A later chapter of Manchester’s book claims that three years afterwards he discovered a vampiric corpse (he implies that it was the same one) in the cellar of an empty house in the Highgate/Hornsey area, and staked and burned it.[13]

Manchester’s story is full of melodramatic details mirroring the Dracula mythos: the sleepwalking girl; the vampire transported to England in a coffin; a coffined corpse ‘gorged and stinking with the life-blood of others’, with fangs and burning eyes; his own role as a Van Helsing figure. If he did indeed act as he describes, it can be regarded as a good example of what folklorists (following terminology established by Linda Degh) now call ‘ostension’ and legend tripping. This means the real-life imitation of elements from a well-known tale, often involving role-playing, and sometimes leading to ritual acts of vandalism and desecration.[citation needed]

Aftermath

There was more publicity about Farrant and Manchester when rumours spread that they would meet in a ‘magicians’ duel’ on Parliament Hill on Friday 13 April 1973, which never came off.[14] Farrant was jailed in 1974 for damaging memorials and interfering with dead remains in Highgate Cemetery—vandalism and desecration which he insisted had been caused by Satanists, not him.[15] Both episodes kept memories of the Highgate affair vivid. In 1975 Manchester wrote a chapter about it in a book edited by Peter Underwood, a well-known popular writer on ghost lore. The Highgate Vampire is now regularly featured in books and internet sites on occult subjects.
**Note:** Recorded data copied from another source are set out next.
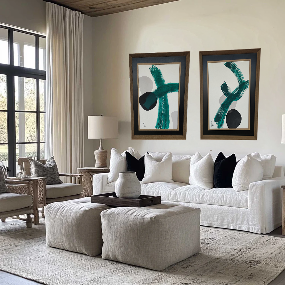 Obra original pintada a mano por nuestras artistas para decorar espacios modernos que buscan energía, frescura y un toque artístico distintivo. El trazo amplio en tonos verde esmeralda, combinado con formas suaves en gris y negro, crea una composición dinámica ideal para salones contemporáneos, oficinas creativas o zonas de estudio inspiradoras.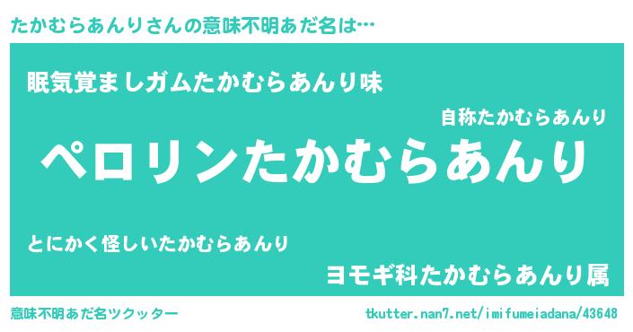 | 胡散臭い通販商品みたいなあだ名 | 『モテモテ間違いなし霊験あらたかなお札…その名も「たかむらあんり」』 |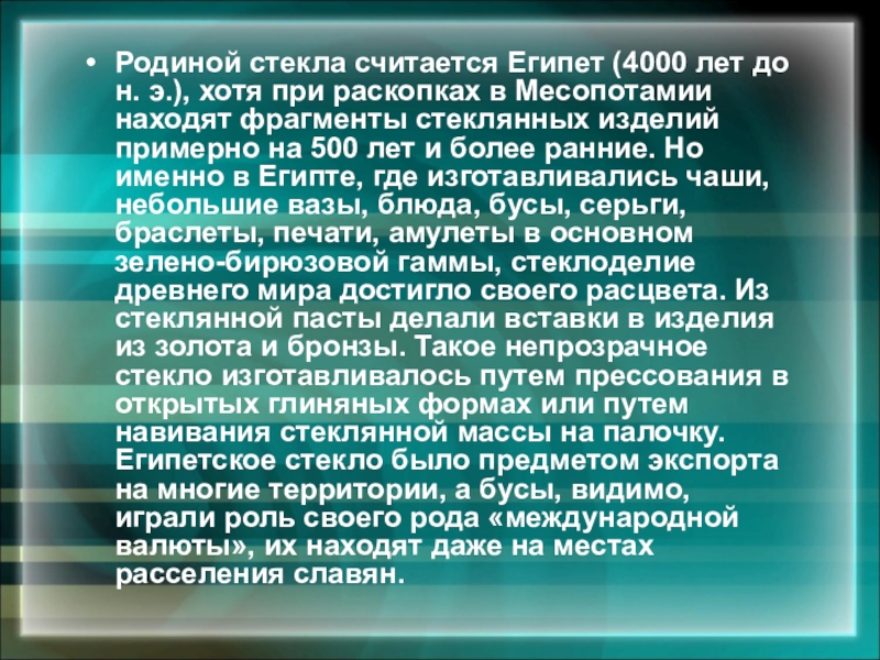 500 лет и более ранние. Но именно в Египте, где изготавливались чаши, небольшие вазы, блюда, бусы, серьги, браслеты, печати, амулеты в основном зелено-бирюзовой гаммы, стеклоделие древнего мира достигло своего расцвета. Из стеклянной пасты делали вставки в изделия из золота и бронзы. Такое непрозрачное стекло изготавливалось путем прессования в открытых глиняных формах или путем навивания стеклянной массы на палочку. Египетское стекло было предметом экспорта на многие территории, а бусы, видимо, играли роль своего рода «международной валюты», их находят даже на местах расселения славян.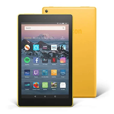 POWERFUL TABLET — Up to 10 hours of battery life, a vibrant 8" HD display, a 1.3 GHz quad-core processor, 1.5 GB of RAM and Dolby Audio. EXPANDABLE STORAGE — 16 or 32 GB of internal storage and a microSD slot for up to 512 GB of expandable storage. DESIGNED FOR ENTERTAINMENT — Enjoy millions of movies, TV shows, songs, Kindle eBooks, apps and games including Netflix, Facebook, Spotify and more. PRIME BENEFITS — Prime members get unlimited access to over a thousand books and magazines, millions of songs, and thousands of movies and TV episodes, at no additional cost. HANDS FREE WITH ALEXA — Use Alexa hands-free mode to pause videos, play music, open apps, show sports scores, display the weather, and more—just ask. ALEXA CAN SHOW YOU THINGS — With Show Mode you can transform your tablet into a full-screen Alexa experience optimised for visibility across the room.
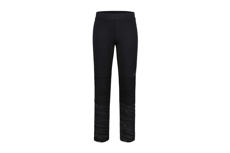 Hardlooplegging voor heren met reflecterende decoratieve print. Deze sneldrogende, nauwsluitende sportbroek van rekbaar gebreid materiaal is niet alleen geschikt voor hardlopen, maar ook voor de sportschool en andere sporten. De panty heeft een elastische tailleband en ritsen aan de pijpen. De taille heeft een zak met ritssluiting aan de achterkant die vanaf de zijkant opent en kan worden gebruikt voor bijvoorbeeld een telefoon. Onder de knie op de benen zit een reflecterend printpatroon. Dit product is echter geen reflector en beschermt de gebruiker niet – draag altijd een geschikte reflector als het donker is.

The feud between Manchester and Farrant remains vigorous to this day; each claims to be a competent exorcist and researcher of the paranormal; each pours scorn on the other’s alleged expertise. They continue to investigate supposed supernatural phenomena, and have both written and spoken repeatedly about the Highgate events, in every medium available, each stressing his own role to the exclusion of the other.

In her book, Blood Lust: Conversations with Real Vampires, published by HarperCollins in 1991, author Carol Page describes her lengthy interview with Sean Manchester, further questioning his credibility and describes his self-proclaimed activities as “the real evil in Highgate Cemetery.”

Manchester defines real self-identifying Vampi(y)res as follows:

Vampiroids are not vampires. Some actually believe themselves to be vampires. They are not. How could they be when the definition of a vampire, upon examination, is revealed to be a dead body that issues forth from its tomb in the night to quaff the warm blood of the living, whereby it is nourished and preserved? Vampiroids, therefore, cannot be re-animated corpses with an awful supernatural existence beyond the grave. People who either believe themselves to be vampires, or want to become vampires and affect what they construe to be vampiristic lifestyles, even when this is taken to extremes, are invariably vampiroids. 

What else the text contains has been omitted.